Karena babak kedua yang terasa monoton, penonton jadi males buat benar-benar mendalami apa yang sebenarnya terjadi. Apalagi pas babak ketiga, kemunculan Patricia yang sempat bikin penasaran malah nggak dibahas lagi sampai akhir. Hasilnya, bagian penutup film terasa berantakan dan makin nunjukin kalau elemen ceritanya lemah padahal untuk film horor, bagian ini mestinya jadi kunci.
Tapi kalau ada yang patut diacungi jempol, itu jelas aktingnya Linda Cardellini. Sebagai pemeran utama, dia berhasil bikin penonton simpati dan bener-bener ngerasain berbagai emosi yang dia alami. Bisa dibilang, performa Linda jadi penyelamat di tengah cerita yang kacau.
Penonton bisa ngerasain banget kasih sayang tulus Anna ke kedua anaknya. Hal itu lumayan membantu bikin tensi emosional di film terasa nyata. Dua aktor cilik yang jadi anaknya juga mainnya oke, jadi nggak ada adegan yang terkesan kaku atau dipaksakan.
Baca Juga: Review Film Exhuma (2024): Horor Mistis Korea yang Lagi Viral
Sayangnya, pilihan aktor untuk peran Rafael Olvera agak kurang pas. Raymond Cruz yang memerankannya malah bikin tiap adegan yang dia muncul terasa agak “cheesy” dan nggak sekuat karakter lain. Jadi kesannya agak ganggu di tengah cerita.
Dengan akting keren dari Linda Cardellini dan kalau saja ceritanya digarap lebih solid, The Curse of La Llorona sebenarnya bisa jadi film horor yang memorable, bukan sekadar tontonan murahan. Sayangnya, sutradara Michael Chaves masih perlu perjalanan panjang buat benar-benar nunjukin kemampuannya.
Film ini juga jadi contoh lain turunnya kualitas horor di semesta Conjuring Universe. Kayaknya para pembuat film perlu lebih sabar dan fokus ke kualitas, bukan cuma ngejar kuantitas rilis. Soalnya, horor itu juga bagian dari seni, dan kalau dibuat asal, lama-lama genre ini bisa makin dianggap remeh.

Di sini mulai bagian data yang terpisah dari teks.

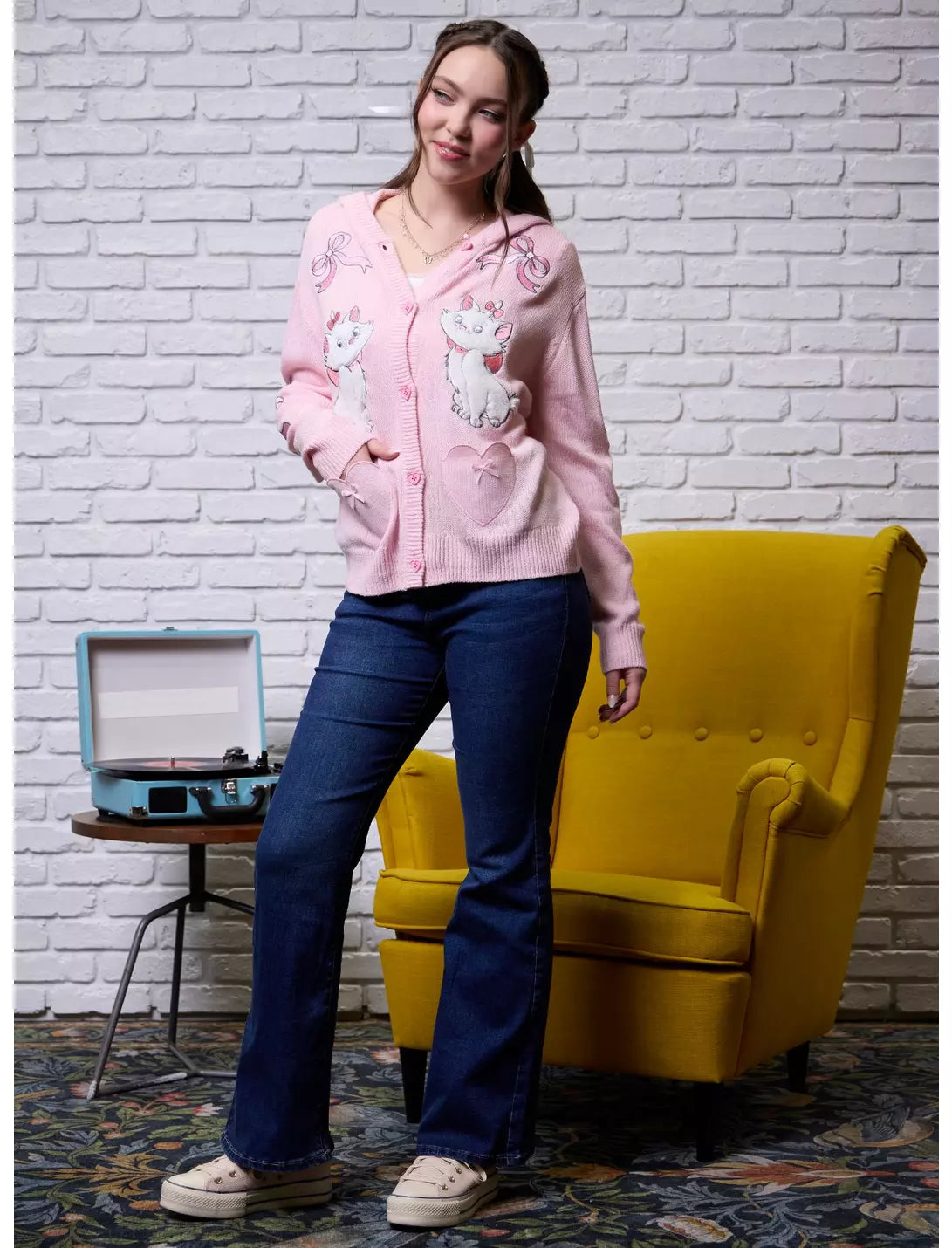 Restez bien au chaud dans les rues de Paris avec ce gilet à capuche inspiré des Aristochats ! Ce gilet en maille est orné de boutons en forme de cœur sur le devant et de poches en forme de cœur avec des détails en ruban.

FAQ - The Curse of La Llorona
Q: Film ini bercerita tentang apa?
A: Mengisahkan Anna Garcia, seorang single mom yang tanpa sengaja membawa kutukan roh La Llorona setelah menolong dua anak yang sedang terancam.
Q: Termasuk dalam semesta apa?
A: Film ini bagian dari Conjuring Universe, meski alurnya berdiri sendiri.
Q: Siapa pemeran utamanya?
A: Linda Cardellini memerankan Anna Garcia, didukung Raymond Cruz dan Patricia Velásquez.
Q: Bagaimana penerimaan kritikus dan penonton?
A: Banyak yang menilai horornya lemah, terlalu mengandalkan jumpscare, meski akting Linda Cardellini menuai pujian.
Q: Apa daya tarik utama film ini?
A: Kisah legenda La Llorona dari Meksiko, nuansa mistis budaya Latin, serta beberapa adegan menegangkan yang tetap seru bagi pecinta horor ringan.